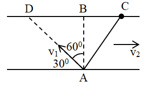 Một ca nô chạy qua sông xuất phát từ A, mũi hướng tới điểm B ở bờ bên kia. AB vuông góc với bờ sông. Nhưng do nước chảy nên khi đến bờ bên kia, ca nô lại ở cách B đoạn 240 m. Thời gian qua sông là 120 giây. Nếu người lái giữ cho mũi ca nô chếch \({30^0}\) so với bờ sông và mở máy chạy như trước thì ca nô chạy tới đúng điểm B. Tính:
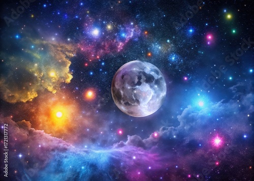 © chokdeelaw, Obraz premium Dark nebula against a vibrant starry sky with numerous constellations and a full moon
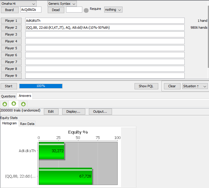 На ривере SPR 0.8 идея ставить 0.5-0.66 пота и выкинуть на пуш так себе идея. Как предложил Rz40 мне нравится, твои рассуждения о том что стрит бы себя проявил правильные, только вывод неверный. На ривере мы можем добрать только очень маленькой ставкой,в идеале спровоцировать блеф. Если бы я сейчас эту раздачу играл, то наверное 1/10-1/3 бы поставил.

----

• ABOUT THIS TASK: Every line above is to be given again exactly, apart from the pictures.

• OUTPUT:
 Một ca nô chạy qua sông xuất phát từ A, mũi hướng tới điểm B ở bờ bên kia. AB vuông góc với bờ sông. Nhưng do nước chảy nên khi đến bờ bên kia, ca nô lại ở cách B đoạn 240 m. Thời gian qua sông là 120 giây. Nếu người lái giữ cho mũi ca nô chếch \({30^0}\) so với bờ sông và mở máy chạy như trước thì ca nô chạy tới đúng điểm B. Tính:
 © chokdeelaw, Obraz premium Dark nebula against a vibrant starry sky with numerous constellations and a full moon
 На ривере SPR 0.8 идея ставить 0.5-0.66 пота и выкинуть на пуш так себе идея. Как предложил Rz40 мне нравится, твои рассуждения о том что стрит бы себя проявил правильные, только вывод неверный. На ривере мы можем добрать только очень маленькой ставкой,в идеале спровоцировать блеф. Если бы я сейчас эту раздачу играл, то наверное 1/10-1/3 бы поставил.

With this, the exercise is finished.